According to the New York Post, cable giant Charter Communications is contemplating whether or not to acquire one of its biggest industry competitors – Cox Communications.
Cox is the third-largest cable provider in the United States, with over six million customers. The news comes in the wake of Charter’s acquisitions of companies like Time Warner Cable and BrightHouse over the past two years for a combined $67.1 billion.
Charter reportedly rejected a $100 billion merger offer from Verizon earlier this year. The offer amount was cited as the primary reason Charter rebuffed the proposal, but it now seems Charter had sights fixed on a different deal with Cox.

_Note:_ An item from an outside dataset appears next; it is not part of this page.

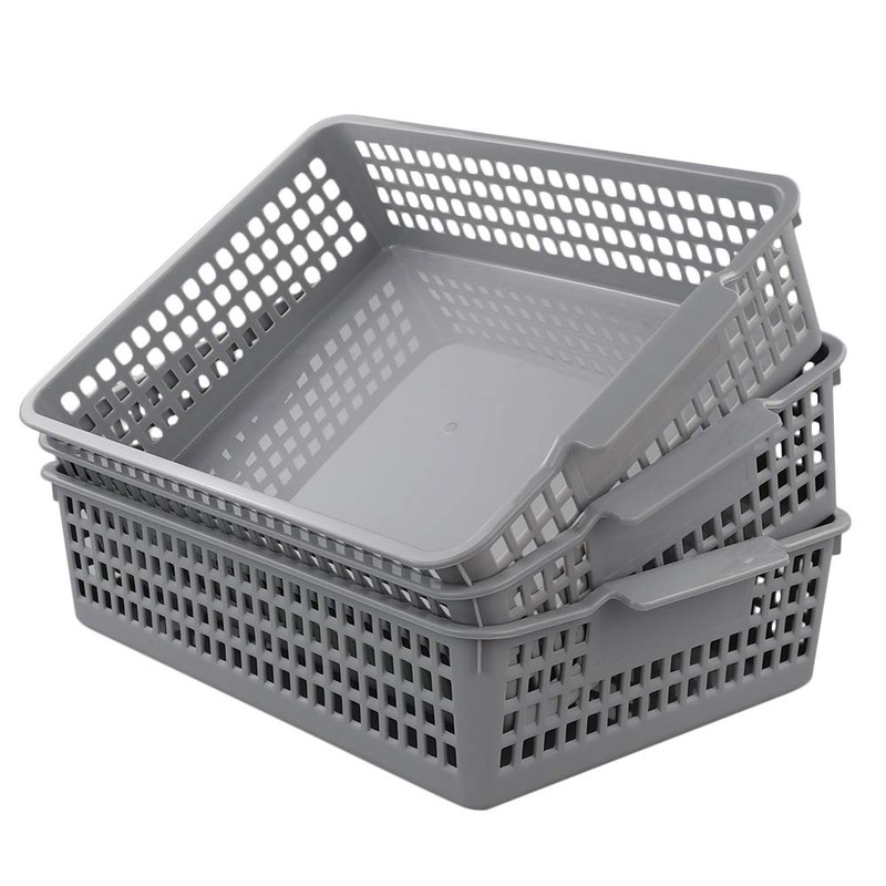 Bblina A4 Plastic Storage Basket, 3-Pack Shallow Storage Trays, Grey

“Tom wants to buy Cox,” says one Post source who is reportedly close to the situation. “If they’re (Cox) going to sell it to anyone, they’re going to sell it to an old cable guy.”
The Post indicates Charter’s Chief Executive Tom Rutledge is closely monitoring Cox, despite the Atlanta-based company having rejected similar inquiries from larger industry competitors. Cox has publically stated on multiple occasions that the family-owned company isn’t for sale.
Nonetheless, a good number of industry insiders believe the cable company has reason to change its mind.
News of the reported merger comes just two months after Cox Enterprises (parent company of Cox Communications), named Alex Taylor the company’s next CEO. Taylor is the great-grandson of James Cox, the company’s founder who began the company back in 1962.